Show Don’t Tell

I visited a very dear person in my life this weekend. While travelling, I was struck by how often we are told to do (or not do) something but are rarely shown. Often the very people who tell us what to do, fail to follow the instructions they are giving everyone else. Telling people what to do is not nearly as effective as showing them. Telling them to do one thing while you do another is a complete waste of time.

Sally lives in Zeeland, Michigan, a very close-knit Dutch community that over the years has become as diverse as the rest of the world. Sally and her late husband, Bill, both worked for the same company for their entire careers. In fact, Sally still does. Sally loves carousel horses, her community, and her family.  She and Bill raised four children and now have 15 grandchildren and 5 greatgrandchildren, all of whom live and work in and around Zeeland. Spending a day in her home with her family is a study in successful leadership.

Sally is the legacy ambassador and corporate historian/storyteller for her company. Over more than five decades, Sally has worked alongside and served internationally known designers, corporate leaders and, most importantly, her family and her community. I had the immense privilege of meeting Sally when I visited her company and she greeted and hosted me and my team. I knew immediately that Sally was a person I wanted to do life with (even though we live several states apart), and we have kept in touch and visited ever since.

On this trip, I got to spend time with her three sons and her son-in-law. Each of them serves their family and their community in substantial ways.

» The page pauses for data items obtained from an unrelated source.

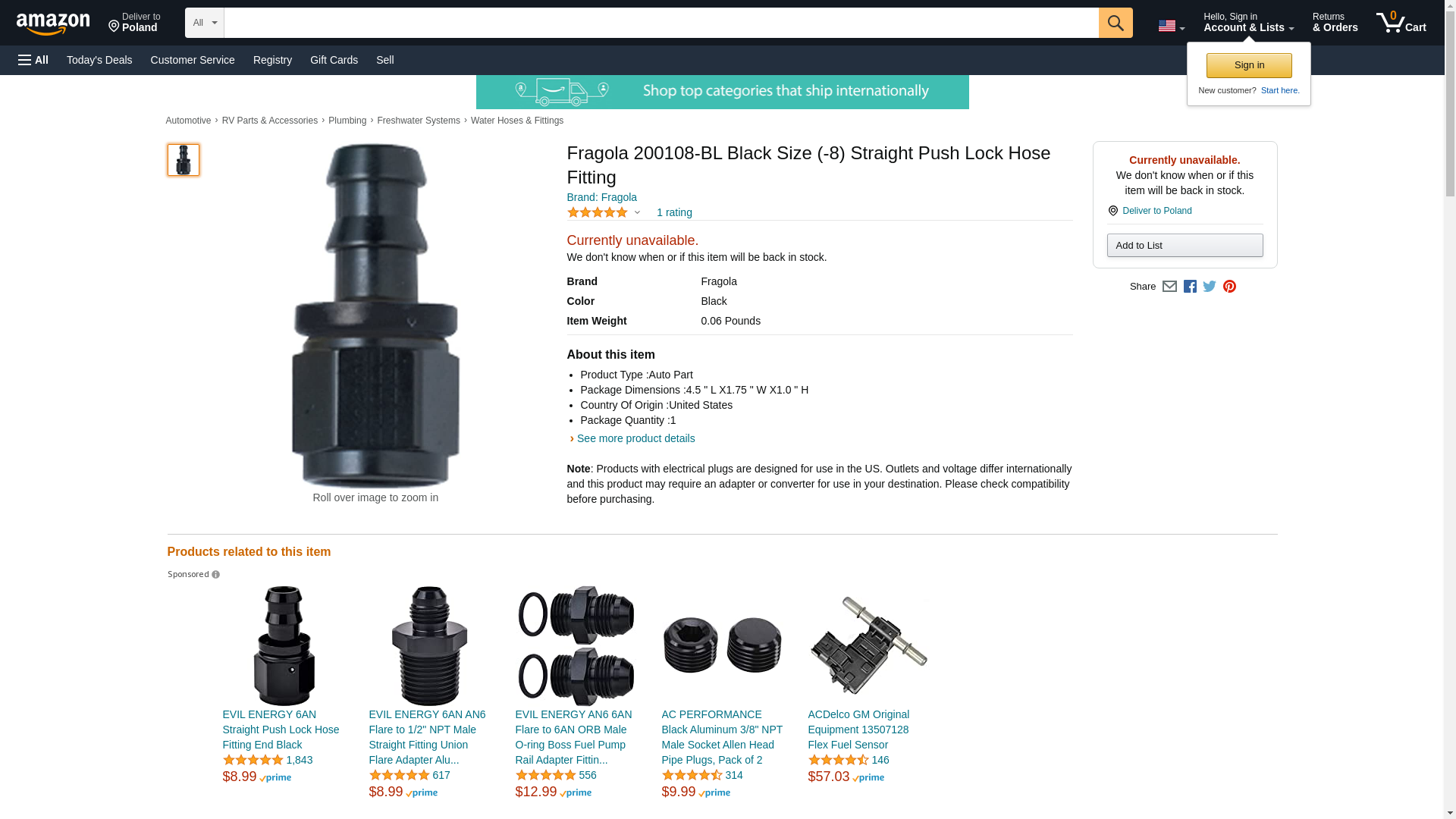 Fragola 200108-BL Push-Lock Straight -08 AN Race Hose End Fitting, Black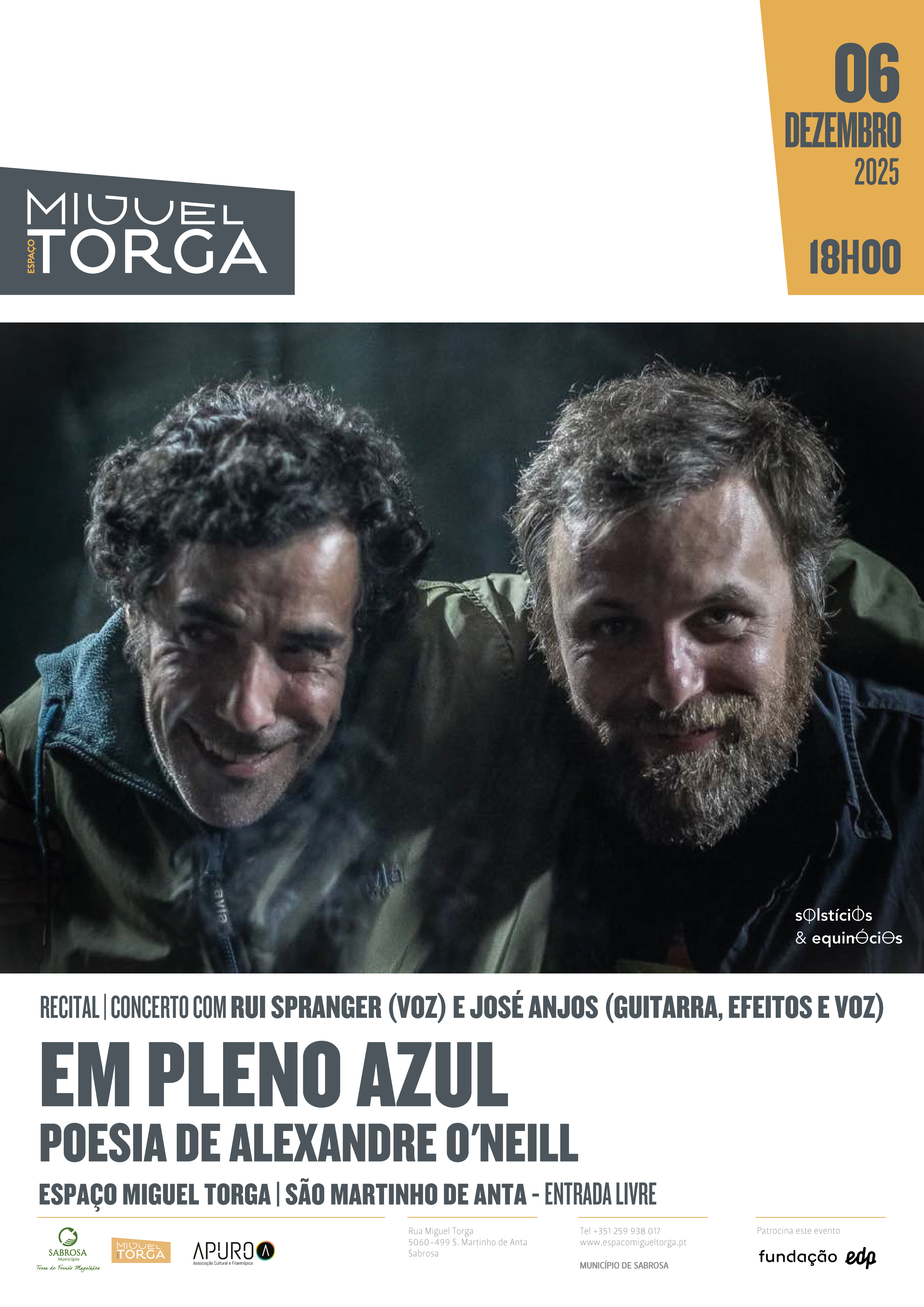 06 dezembro | 18h00 | Solstícios e Equinócios | Recital/concerto "Em Pleno Azul - Poesia de Alexandre O'Neill" | Rui Spranger e José Anjos | Espaço Miguel Torga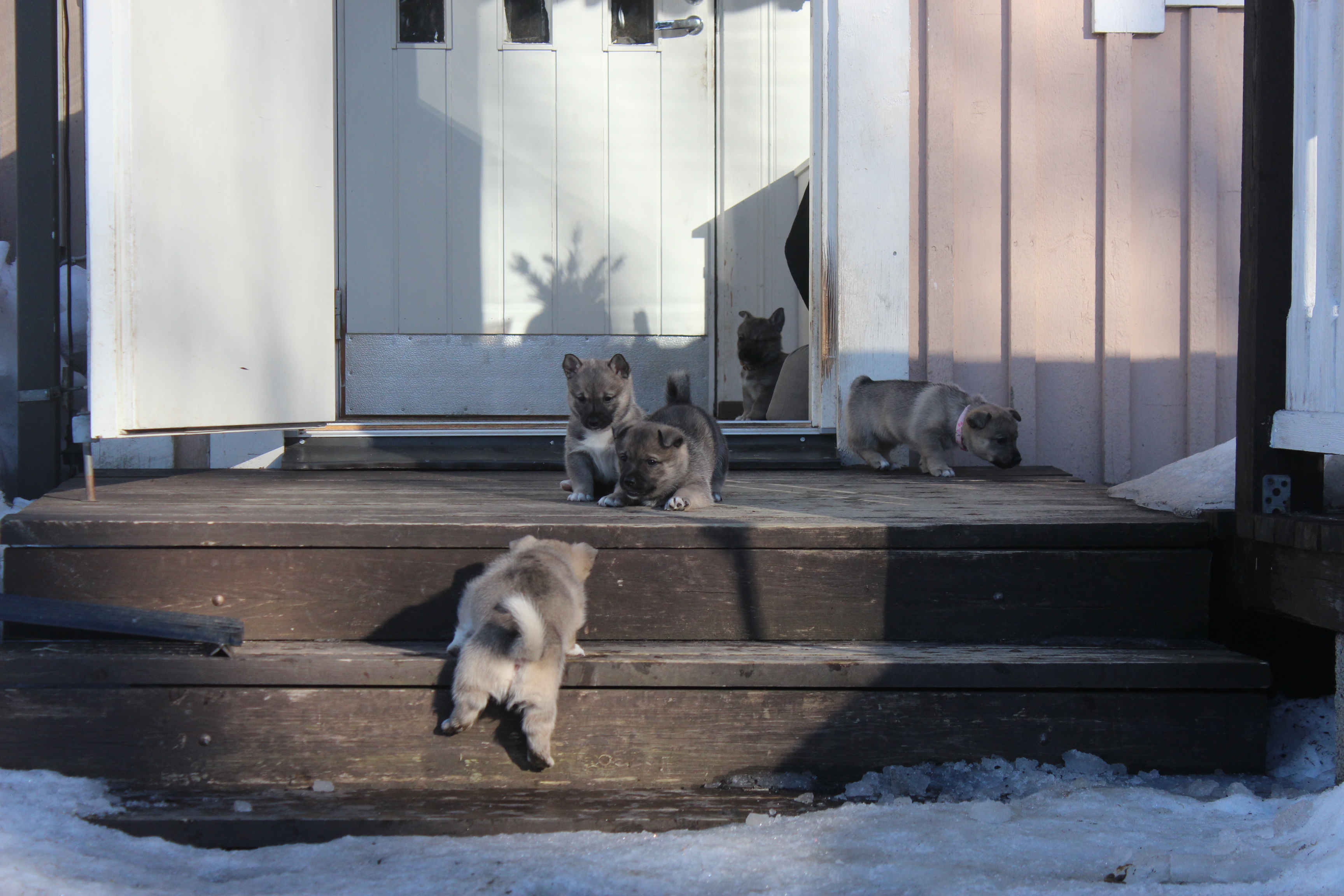 Sitä myöten kun lumi sulaa pihasta, penneleiden liike senkun kasvaa. Tantereelta kuuluu jo aikamoinen melske. Pennut viihtyvät hyvin pihalta eikä oikein haluaisi tulla edes sisälle.

From following in their father Bill’s footsteps in the local fire and rescue team, to planting a groundbreaking church in a manufacturing facility, to travelling the world sharing the message of hope in Christ through feats of strength, Sally’s children give generously and consistently to the community.

We interviewed Sally for the Word From The Herd podcast, and she mesmerized us with story after story of her experiences. Each story was about what she had learned and how she had been impacted by the things she saw leaders do—the way they worked, how they treated others, the things that were important to them. She studied these leaders and learned from them, then she applied what she learned to her life and her family.

It worked.

Sally didn’t tell her children and grandchildren what to do; she showed them. She lived out the values of her life in bold and visible ways. That her values were visible is not the good part, because that is true about everyone. Everyone has values. Every company is a values-driven company. The important question is, “What are your values?”

The world is full of organizations and people who claim to have lofty values but prove otherwise every day. If you say you value people yet treat them with disrespect and sacrifice them for profits, then you really value money more than people. If you tell your children to follow the rules and obey the laws, then speed or fudge on your taxes, you really value your comfort more than community. If you say everyone is intrinsically and equally valuable yet you use your position and your privilege to take rather than to give, you really value yourself more than others.

Sally and Bill spent their lives showing people they were valued and loved. They spent their time and money and influence serving others and making a difference wherever they were. I’m sure they told their children many things, but the most important thing they learned was not what they were told. It was what they saw. Everyday. Consistently and constantly.

As leaders we have a responsibility to communicate. We do have to tell people what we expect of them, what their responsibilities are, what they can expect of us. We do need to tell our team what our values are and how it looks when those values are lived out. But that is just a small part. The most significant thing we do as leaders is to show our team what our values look like. It is by our example that those we serve will truly understand and adopt the values that create our culture.

It is not exceptional that Sally lived out her values; everyone does. It is exceptional that, as much as anyone I have ever known, Sally has the core values of love and care for others demonstrated by service and respect. These are not clothes she puts on for display; they are the skin she lives in. In turn, her whole family grew to have these same values and to display them in their own unique ways.

We often talk about legacy at Kimray. What greater legacy could we have than to show those coming after us what a community built on the values of intrinsic and equal value, love and respect, and service to others looks like? I was instantly drawn to Sally and her family. I want to do life with people like her. She built her community by showing, not telling. Let’s continue to build our community the same way. Show people you care in tangible ways, and you won’t need to tell them. She may live states away and work for a different company, but Sally shows us The Kimray Way.